Была у одной бабы дочка. Да не одна — три дочки. Старшую звали Одноглазка, среднюю — Двуглазка, а младшую — Трёхглазка. Только это не имена были, а клички. Потому что мать ихняя, вдова Палашка, дочерей не по имени звала, а по количеству глаз, которые у них, по её мнению, были лишними.

— Ты, Одноглазка, гляди в оба, хоть один и кривой! — орала она.
— Ты, Двуглазка, не моргай, работы невпроворот!
— А ты, Трёхглазка, третьим глазом спи, не до сглаза нам!

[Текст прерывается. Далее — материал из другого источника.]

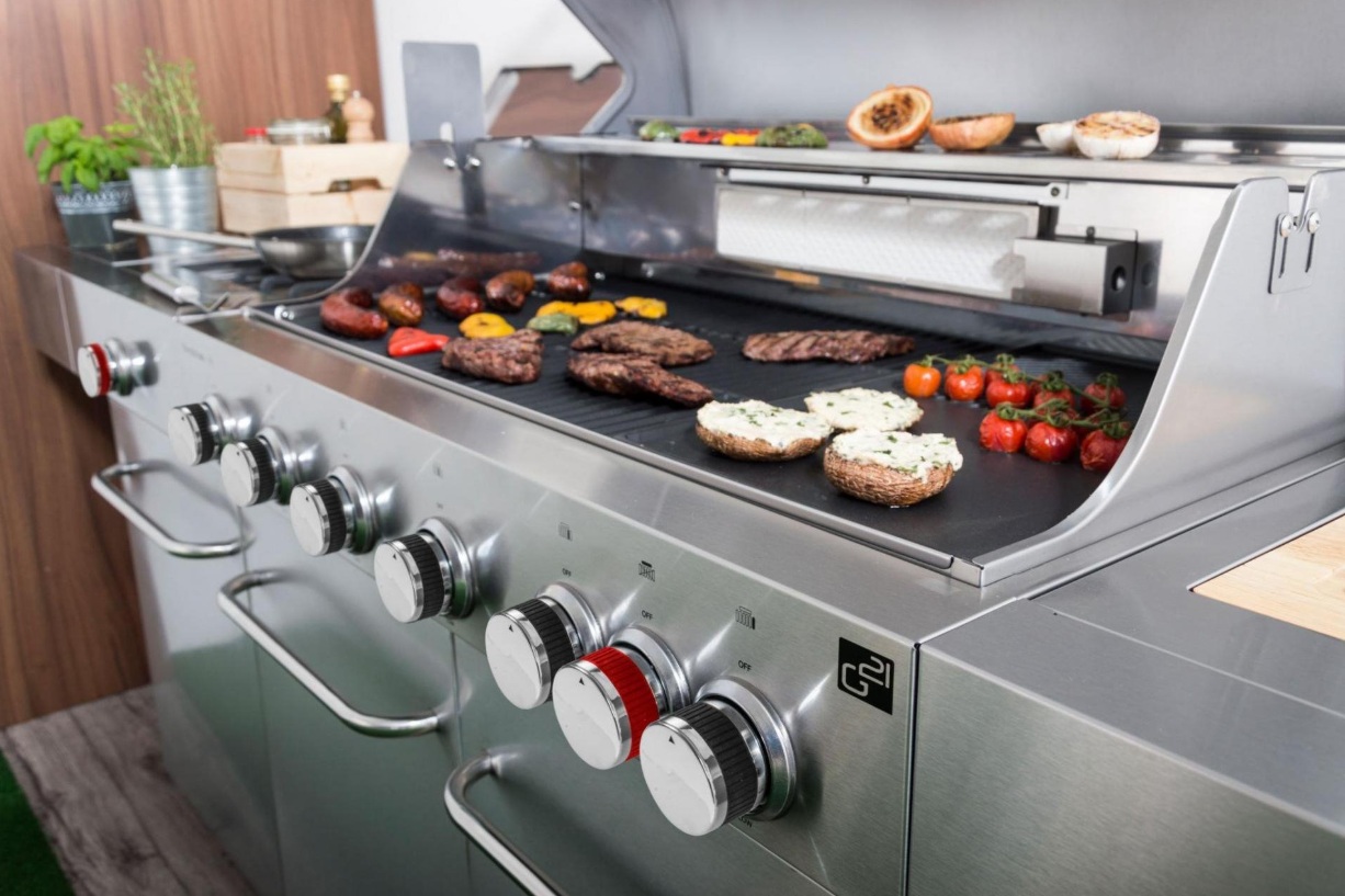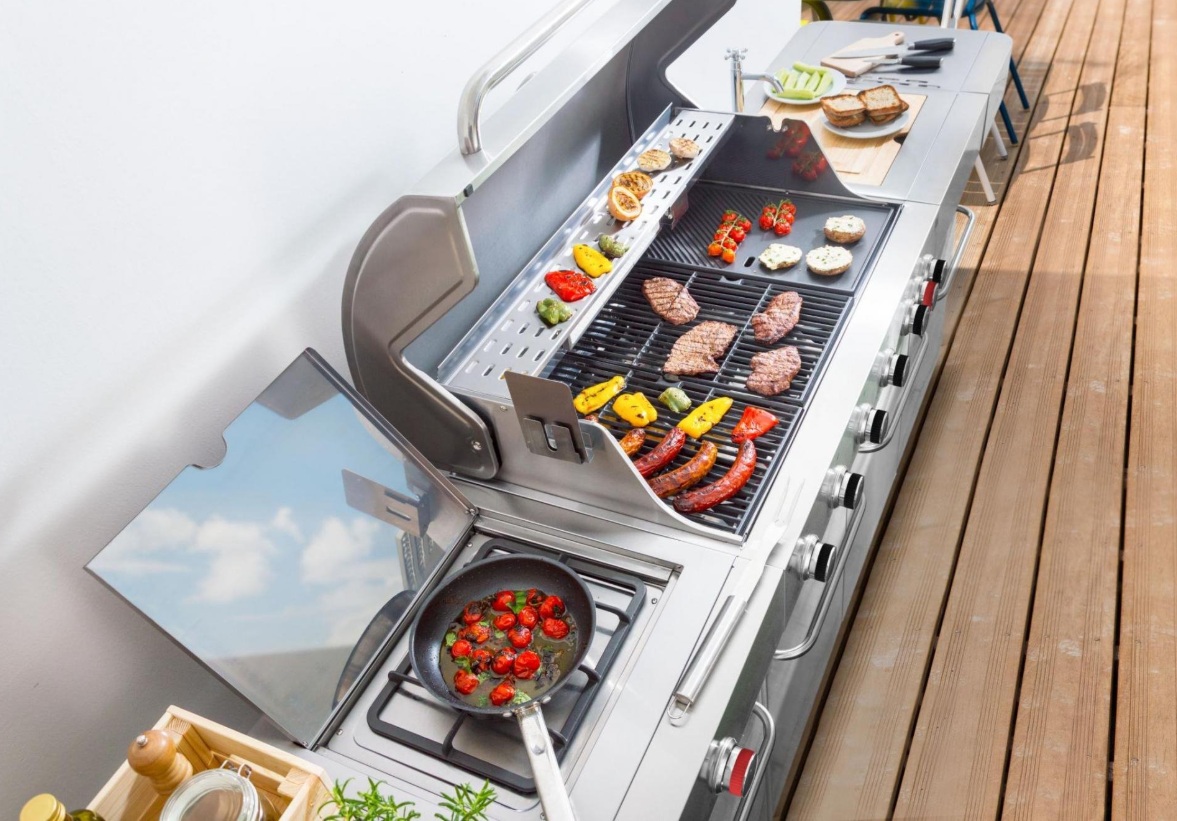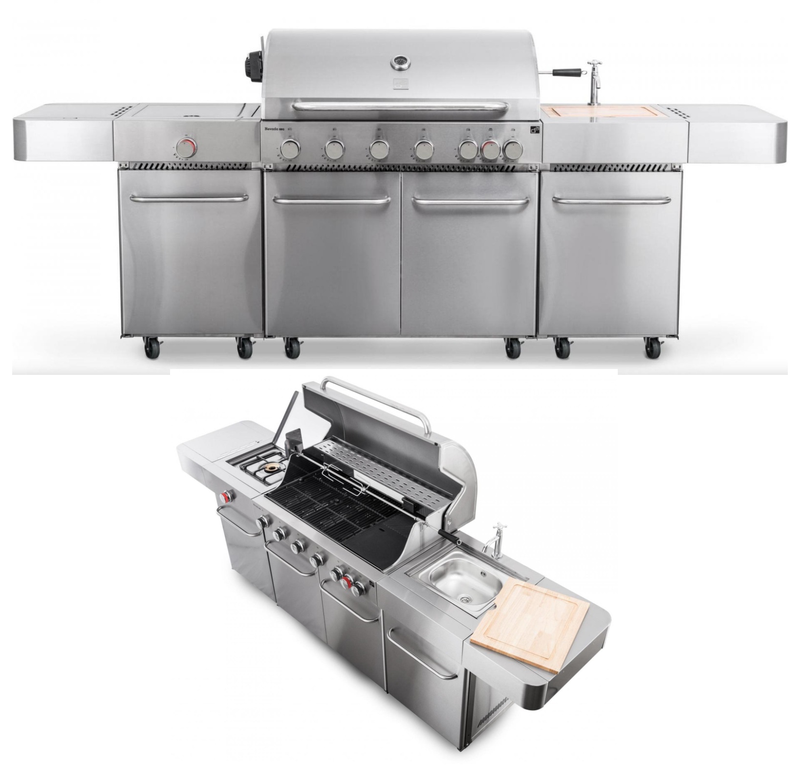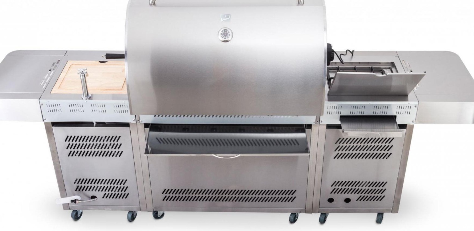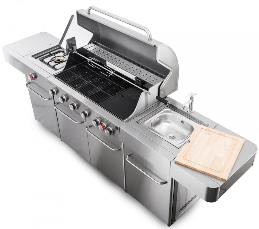 je kompletní zahradní kuchyně, která splňuje přání i těch nejnáročnějších šéfkuchařů a milovníků grilování. S neuvěřitelnými osmi hořáky, vestavěným dřezem s krájecím prkénkem, obrovskou pracovní plochou a chytře řešenými odkládacími prostory představuje dokonalé řešení pro venkovní přípravu pokrmů.
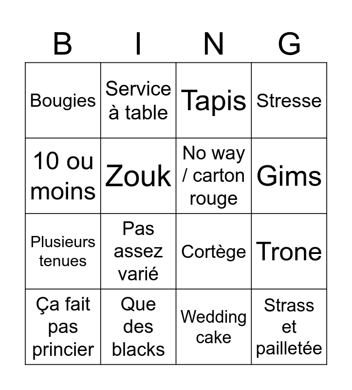 This bingo card has 16 words: Que des blacks, Trone, Tapis, Bougies, Plusieurs tenues, Service à table, Cortège, Wedding cake, 10 ou moins, Zouk, Ça fait pas princier, Stresse, Pas assez varié, Gims, No way / carton rouge and Strass et pailletée.
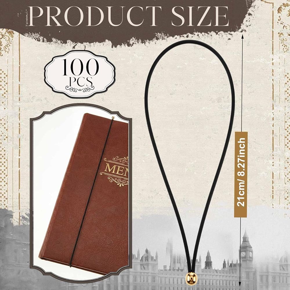 Ample Supply: Each package includes 100 pcs elastic menu band cords, providing an abundant supply for any restaurant or cafe setup. The bulk quantity ensures that you'll always have a black menu band cord on hand, reducing the need for frequent reordering and maintaining a consistent look
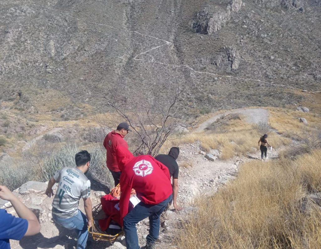 Miriam, de 22 años y originaria de Gómez Palacio, resbaló entre las rocas y sufrió una fractura. Tras recibir el reporte, elementos de PCyB acudieron al lugar y, tras una labor coordinada, lograron estabilizarla y descenderla en camilla rígida para su traslado a una clínica en la región. Este es el segundo caso de rescate en el último mes.
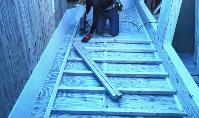 現在建築中の摂津市鳥飼野々より☆★ただいまバルコニー部分の床下地作り中!床板を支えるための根太を等間隔に打ち込んでゆきます(/ ‘(ェ)’)/動画では水平に見えますが、実は右側から左へ緩やかに勾配がかかっています!雨が降った時に
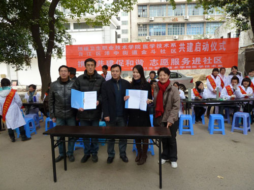 2011年1月8日上午,我院醫(yī)學(xué)技術(shù)系與臺(tái)江洋中街道金斗社區(qū),在市工人文化宮門(mén)前開(kāi)展“共建共創(chuàng)文明社區(qū)活動(dòng)啟動(dòng)儀式暨健康科普知識(shí)宣傳教育”活動(dòng),醫(yī)學(xué)技術(shù)系馬少寧主任、洪聿榮副書(shū)記、郭禮堅(jiān)副主任及洋中街道曾軍副主任、金斗社區(qū)陳艷主任出席了本次活動(dòng)。醫(yī)學(xué)技術(shù)系的專(zhuān)業(yè)教師、學(xué)生等20多位志愿者為社區(qū)居民提供血型鑒定、血壓測(cè)量、營(yíng)養(yǎng)咨詢(xún)、常見(jiàn)寄生蟲(chóng)介紹及寄生蟲(chóng)病癥防治、艾滋病及傳播途徑介紹等服務(wù),以及放射科防護(hù)知識(shí)普及、無(wú)償獻(xiàn)血普及等宣傳教育。福州電視臺(tái)、福州日?qǐng)?bào)對(duì)本次活動(dòng)進(jìn)行了現(xiàn)場(chǎng)采訪(fǎng)和專(zhuān)題報(bào)導(dǎo),福州新聞網(wǎng)等各大網(wǎng)站也對(duì)本次活動(dòng)進(jìn)行了相關(guān)刊載和報(bào)道。今后,醫(yī)學(xué)技術(shù)系將組織師生利用節(jié)假日輪流深入金斗社區(qū),開(kāi)展社會(huì)實(shí)踐活動(dòng),成為社區(qū)的醫(yī)學(xué)科普知識(shí)宣傳員、文明新風(fēng)倡導(dǎo)員、社情民意信息員、基層群眾服務(wù)員,為創(chuàng)建文明社區(qū)貢獻(xiàn)力量。(醫(yī)學(xué)技術(shù)系)
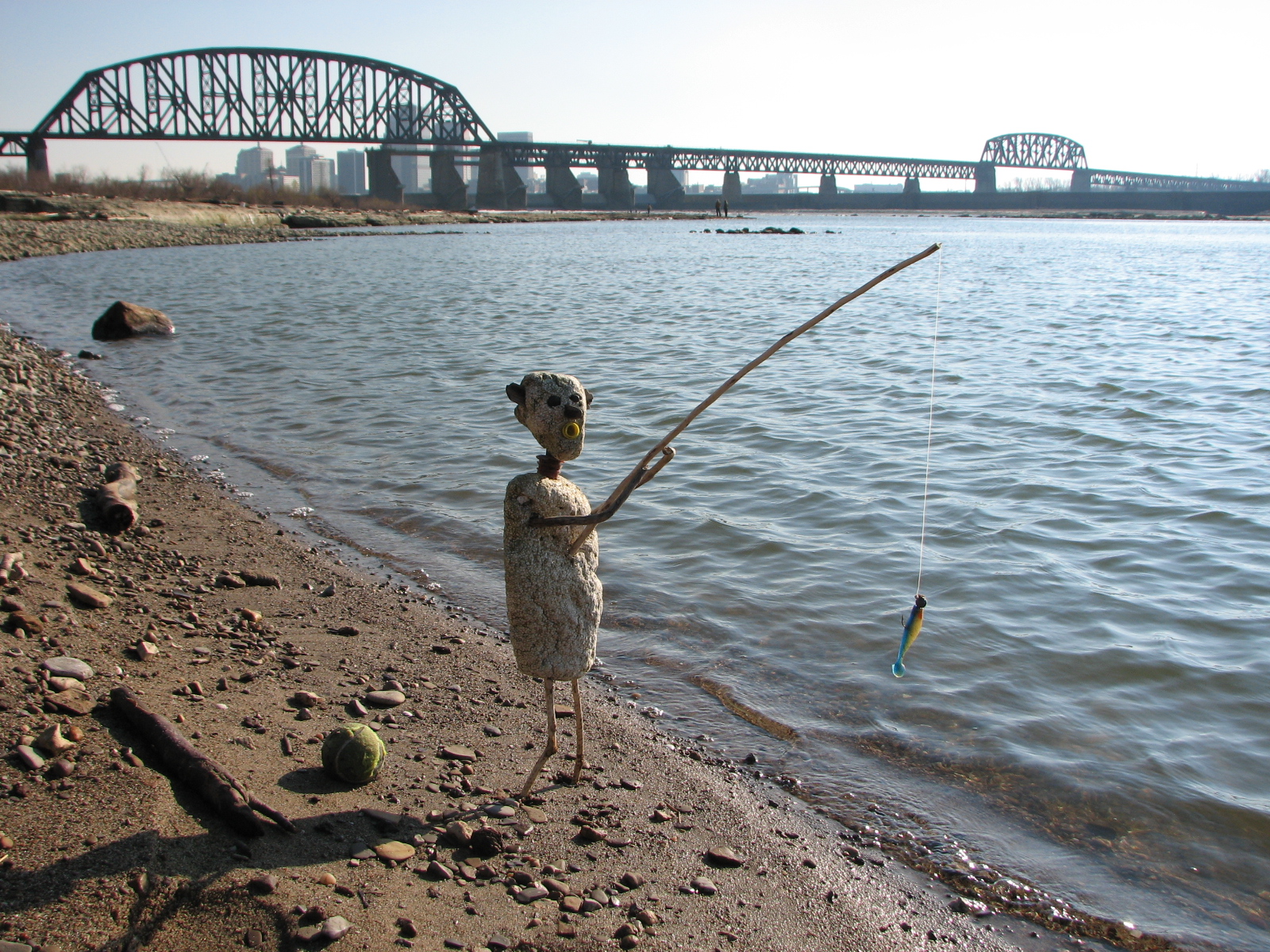 The river is low and clear and fisherman have been testing their luck at the Falls of the Ohio. It’s one of those situations where even if the fish aren’t biting, it’s still wonderful to be out in nature. Sightseers have been moving along the riverbank and on this occasion I have come across other sculptures that while they aren’t mine…may have been inspired by what I do out here?
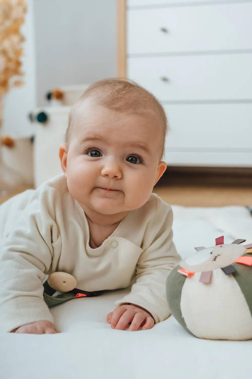Empfohlen ab dem 3. Monat, ist dieser Rasselball das ideale Spielzeug, um frühzeitig mit der Förderung Ihres Babys zu beginnen. Die Größe und das Gewicht des Balls sind optimal für kleine Hände gestaltet, sodass Ihr Baby ihn leicht greifen und erkunden kann.
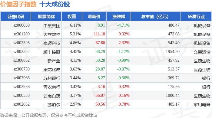 资金流向方面,价值因子(980056)指数成份股当日主力资金净流出合计11.98亿元,游资资金净流入合计5.14亿元,散户资金净流入合计6.84亿元。成份股资金流向详情见下表:
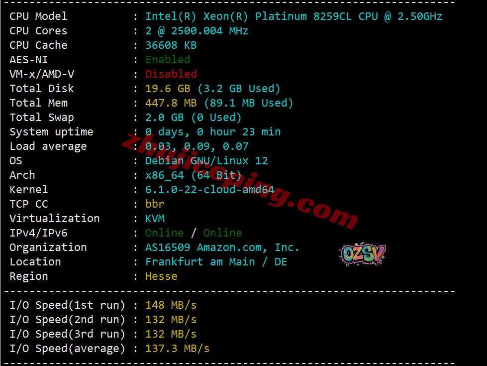 本次测试的机型用的是Intel Xeon Platinum 8259CL(24核、48线程、主频2.5GHz、加速频率3.5GHz)、站长启用了BBR,默认支持IPv6,亚马逊自己的网络,归属地德国,当前I/O大致在137MB/S的样子:

Хаврошечка — так звали младшую — была сиротой при живых сёстрах. Её мать не родила, а подобрала. В капусте нашла, в мокрой, гнилой, на огороде, где собаки бродячие гадили. Подобрала, потому что руки в доме нужны были. А душа — не нужна.

Жили они в деревне, которую даже на карте не было. Дороги туда не вели, только тропа, да и та каждый год другой становилась, будто земля под ней дышала и переворачивалась.

Спала Хаврошечка в сенях, на тряпье. Ела то, что сёстры под стол бросят. Работала с утра до ночи: и печь топи, и корову дои, и свиньям месиво вари, и полы скреби, и за детьми соседскими гляди, и за старухой парализованной на том конце улицы приглядывай.

И никто её не жалел.
Потому что жалость в той деревне была как соль — кончилась ещё при царе Горохе.

Сестры её лупили чем попадя: веником, скалкой, разбитым горшком — чем под руку попадёт. Мать — Палашка — в глаза не замечала. А если Хаврошечка пискнет — Палашка говорит: «Не ори, не нанималась. Ты у меня в капусте нашлась, туда и пойдёшь, когда не нужна станешь».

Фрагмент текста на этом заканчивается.